Localization of AHK3-Myc in fractionated membranes from 6-d-old Arabidopsis seedlings expressing P_AHK3:AHK3-Myc. A, Aqueous two-phase partitioning of microsomes. Equal amounts of protein from upper (U3) and lower (L3) phases were separated by SDS-PAGE and subjected to immunoblot analysis with antibodies specific for Myc, H⁺-ATPase (PM), and BiP2 (ER). B, Microsomal membranes were fractionated on linear 20% to 50% (w/w) Suc gradients in the presence of Mg²⁺ (+) to stabilize ribosomes at the ER or in the absence of Mg²⁺ (−) to dissociate ribosomes from the ER. Samples (50–100 μL) of each fraction were analyzed by immunoblot using antibodies specific for Myc, H⁺-ATPase, BiP2, and V-ATPase (Vac, vacuole membrane marker). Latent UDPase activity was used as an enzymatic marker for the Golgi apparatus, and chlorophyll was used to localize thylakoid membranes. In both cases, the highest measured enzyme activity (A₆₅₀) and chlorophyll content (A₆₅₂) were set at 100%.

Figure 4.

Localization of AHK3-Myc in fractionated membranes from shoots of 18-d-old Arabidopsis plants expressing P_AHK3:AHK3-Myc. A, Aqueous two-phase partitioning of microsomes. Equal amounts of protein from upper (U3) and lower (L3) phases were separated by SDS-PAGE and subjected to immunoblot analysis with antibodies specific for Myc, H⁺-ATPase (PM), and BiP2 (ER). B, Microsomal membranes were fractionated on linear 20% to 50% (w/w) Suc gradients in the presence of Mg²⁺ (+) to stabilize ribosomes at the ER or in the absence of Mg²⁺ (−) to dissociate ribosomes from the ER. Samples (50–100 μL) of each fraction were analyzed by immunoblot using antibodies specific for Myc, H⁺-ATPase, BiP2, V-ATPase (Vac, vacuole membrane marker), Arf1 (tGN, trans-Golgi network marker), and COXII (Mito, mitochondria marker).

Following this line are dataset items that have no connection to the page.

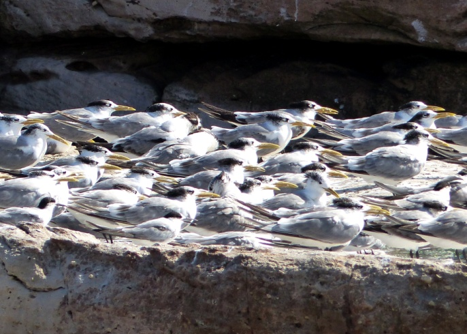 Eilseeschwalben (Thalasseus bergii) bei der Rast.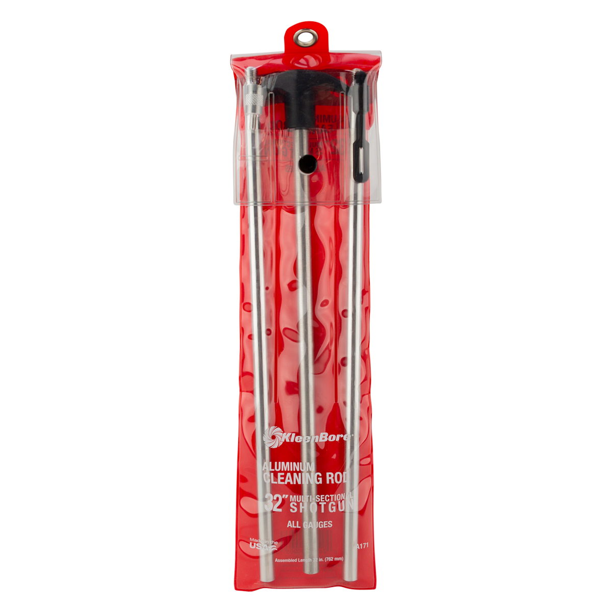 Kleen-Bore All GAUGE SHOTGUN multi-section rods are packaged in a tough, compartmentalized vinyl pouch that is reusable and easy to store. 32″ aluminum cleaning rod with durable fixed t handle.
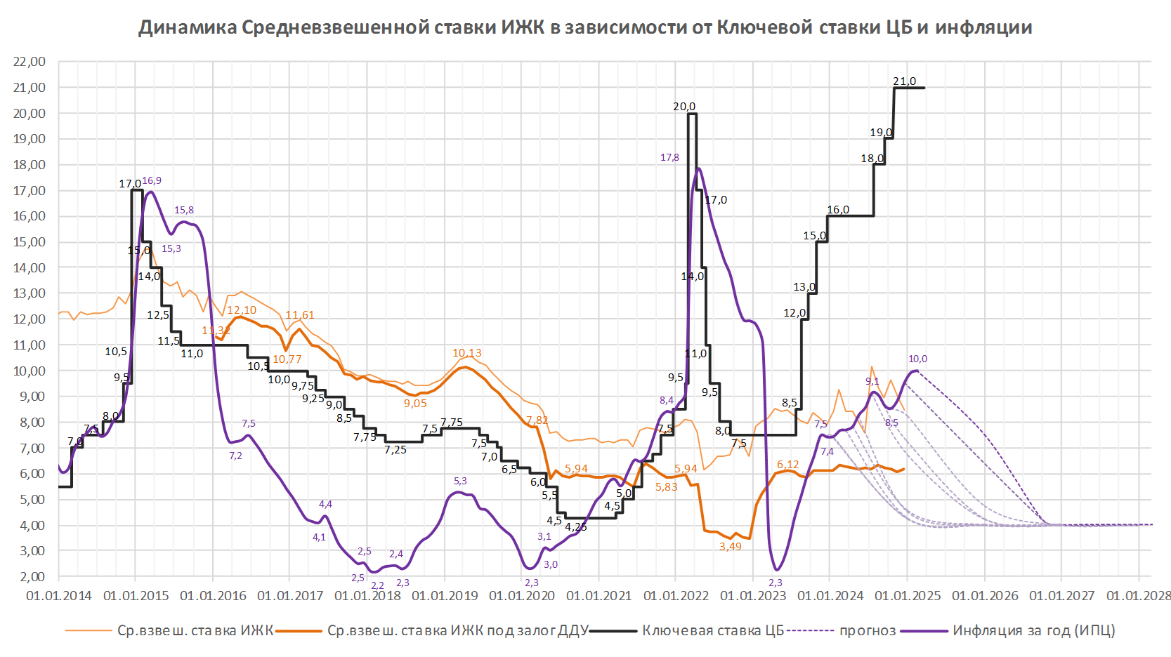 В базовом сценарии для возвращения инфляции к цели потребуется более продолжительный период поддержания жестких денежно-кредитных условий в экономике, чем прогнозировалось в октябре. Годовая инфляция, по оценке на 10 февраля, составила 10,0%. По прогнозу Банка России, с учетом проводимой денежно-кредитной политики она снизится до 7,0% — 8,0% в 2025 году, вернется к 4,0% в 2026-м и будет находиться на цели в дальнейшем.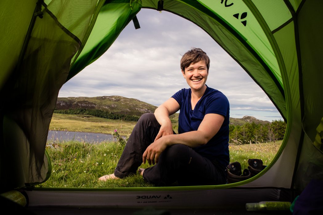 Travel writer and hiker Kathi Kamleitner outside her tent on the Hebridean Way in Scotland.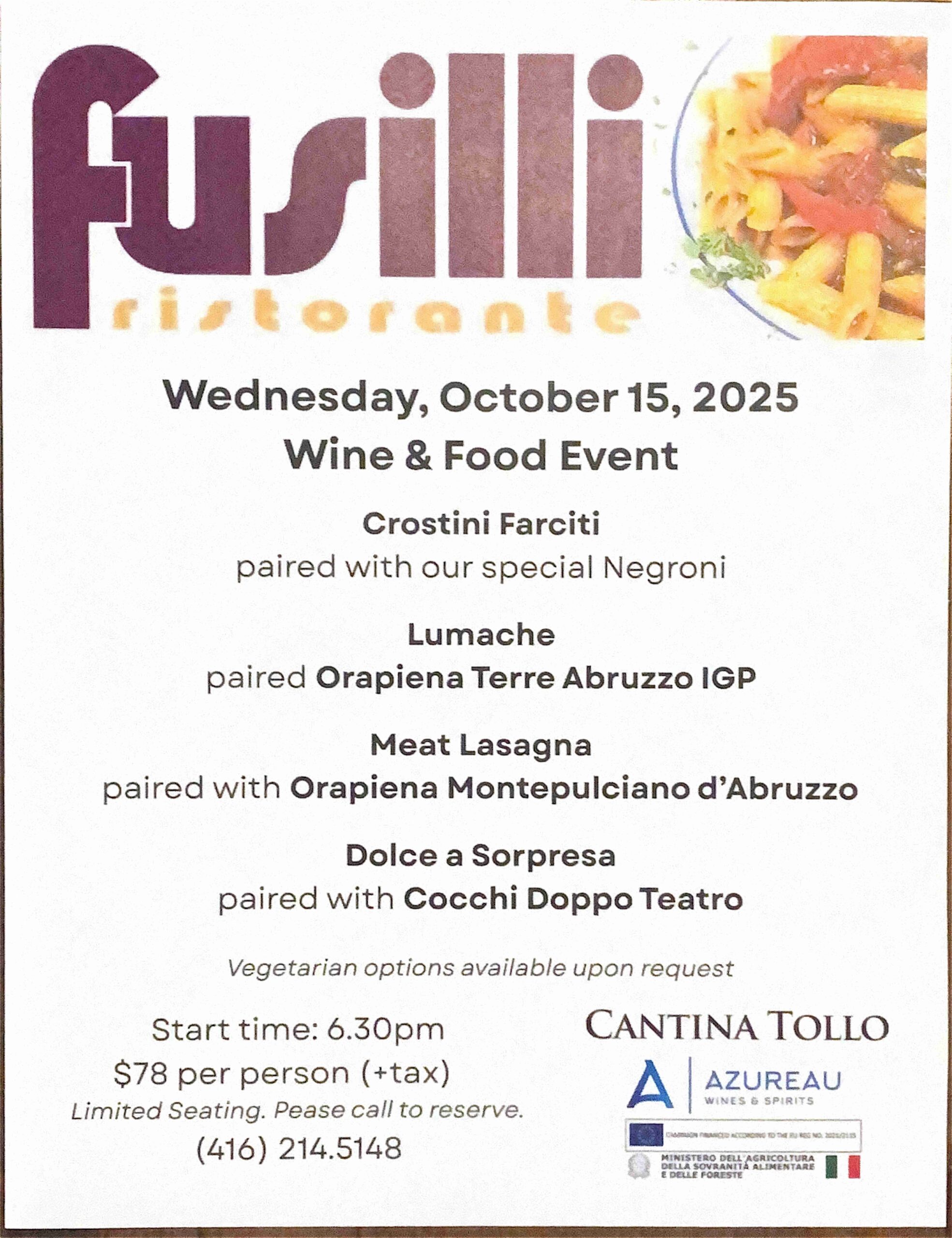 Located on Queen Street East in Riverside, Fusilli is a small, casual, Corktown neighbourhood Italian restaurant. It specializes in authentic Southern Italian cuisine. Select from a variety of salads, pasta, stone oven pizzas, meat dishes, and seafood for lunch during the weekdays and dinner six nights of the week.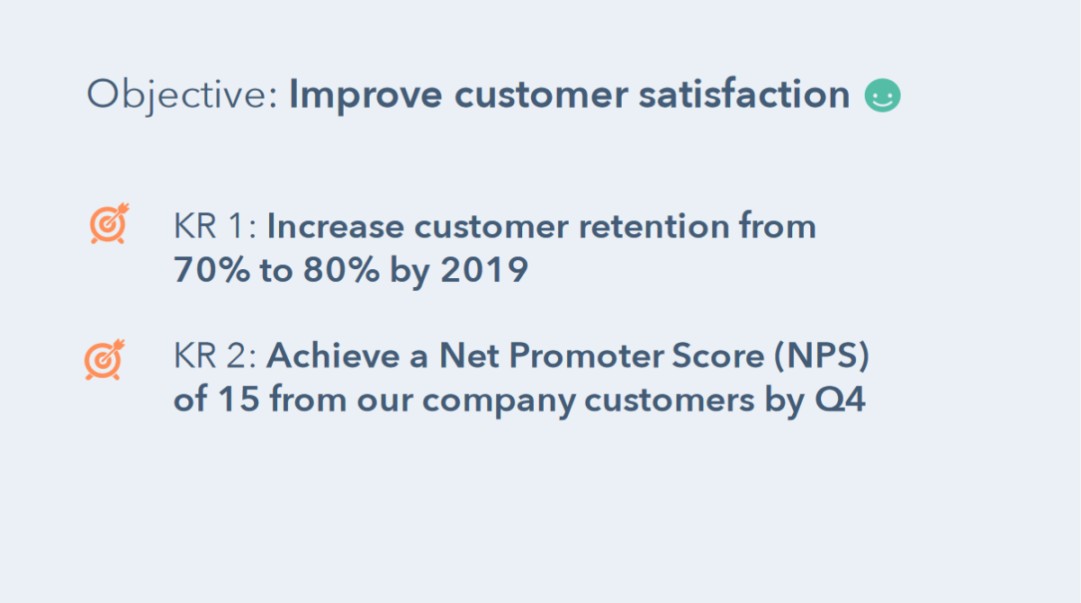 Going back to our aspirational and significant objective example of Improving customer satisfaction, this is how it would work with OKR: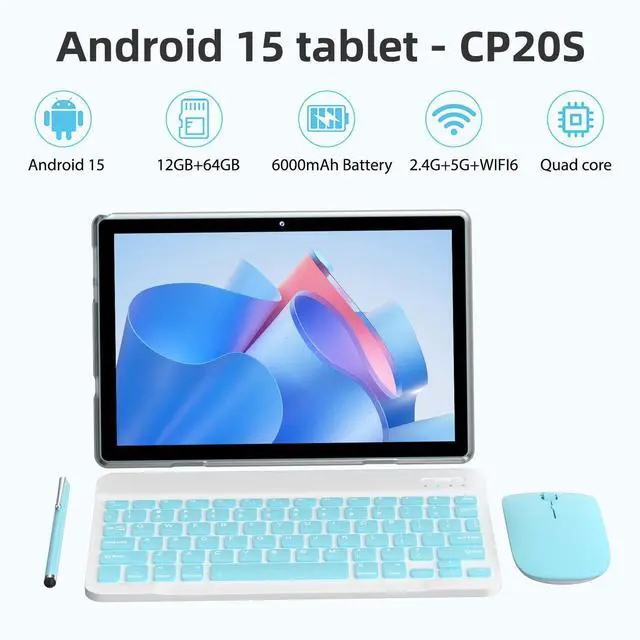 [Android 15.0 Tablet] The 10inch tablet equipped with stable Android 15.0 system, built-in 1.8GH z Quad-core CPU, 12GB (4GB+8GB Expand) RAM and 64GB ROM, with microSD card slot which can expanded up to 512GB, more app, songs, videos and pictures can be saved right on your tablet. ^^ 10Inch HD Screen Tablet The stunning 10-inch eye protection full screen has a larger visual area and a wider visual field, adopts a 1280*800 IPS HD touch screen, whether you play games, watch movies, read, take notes and work, it can bring you immersive visual enjoyment.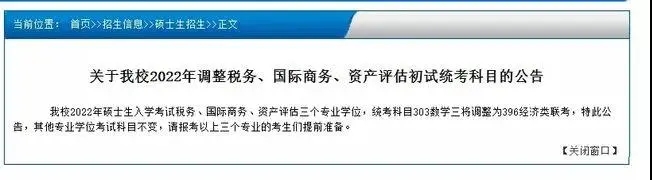 我校2022年碩士生入學考試稅務,國際商務、資產評估三個專業學位,統考科目303數學三將調整為396經濟類聯考,特此公告,其他專業學位考試科目不變,請報考以上三個專業的考生們提前準備。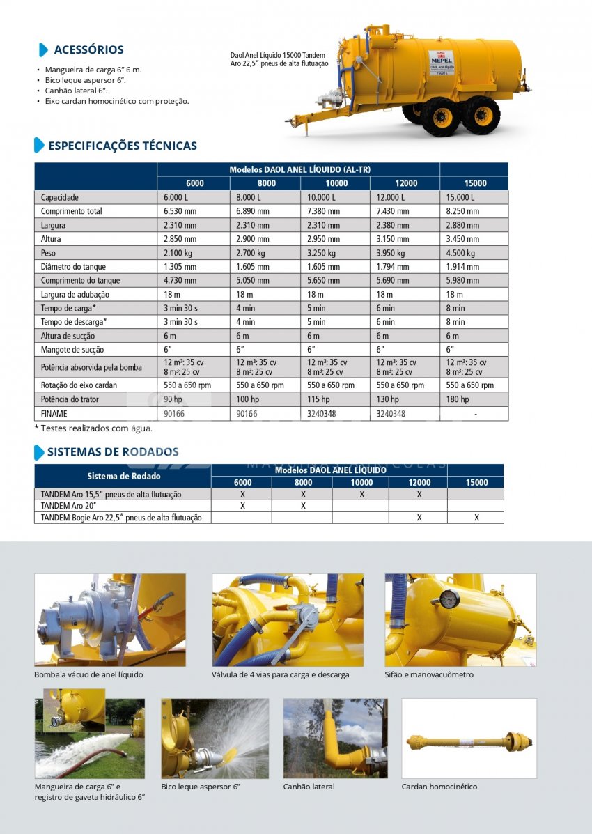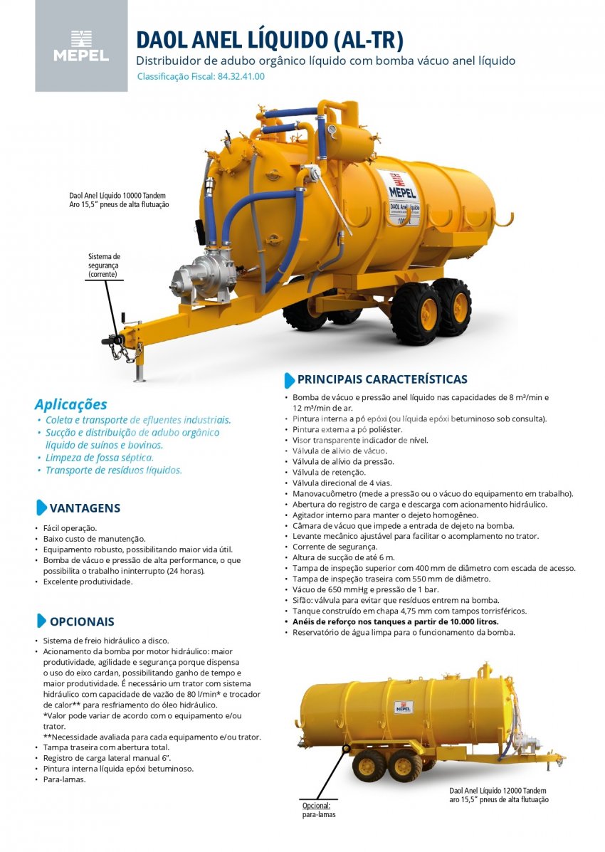 É um tanque distribuidor ideal para transporte de efluentes industriais, além de ser muito eficiente também para sucção e distribuição de adubo orgânico líquido de suínos e bovinos, limpeza de fossas e transporte de resíduos líquidos.

Latent UDPase activity was used as an enzymatic marker for the Golgi apparatus, and chlorophyll was used to localize thylakoid membranes. In both cases, the highest measured enzyme activity (A₆₅₀) and chlorophyll content (A₆₅₂) were set at 100%. S, Free soluble BiP2, which has been released during processing and remains at the top of the gradient.

Figure 5.

Localization of AHK2-Myc in fractionated membranes from Arabidopsis seedlings expressing P_AHK2:AHK2-Myc. A, Aqueous two-phase partitioning of microsomes from 6-d-old seedlings. Equal amounts of protein from upper (U3) and lower (L3) phases were separated by SDS-PAGE and subjected to immunoblot analysis with antibodies specific for Myc, H⁺-ATPase (PM), and BiP2 (ER). B, Microsomal membranes from shoots of 18-d-old plants were fractionated on linear 20% to 50% (w/w) Suc gradients in the presence of Mg²⁺ (+) to stabilize ribosomes at the ER or in the absence of Mg²⁺ (−) to dissociate ribosomes from the ER. Samples (50–100 μL) of each fraction were analyzed by immunoblot using antibodies specific for Myc, H⁺-ATPase, BiP2, V-ATPase (Vac, vacuole membrane marker), Arf1 (Golgi, trans-Golgi network marker), and COXII (Mito, mitochondria marker). Latent UDPase activity was used as an enzymatic marker for the Golgi apparatus, and chlorophyll was used to localize thylakoid membranes. In both cases, the highest measured enzyme activity (A₆₅₀) and chlorophyll content (A₆₅₂) were set at 100%. S, Free soluble BiP2, which has been released during processing and remains at the top of the gradient.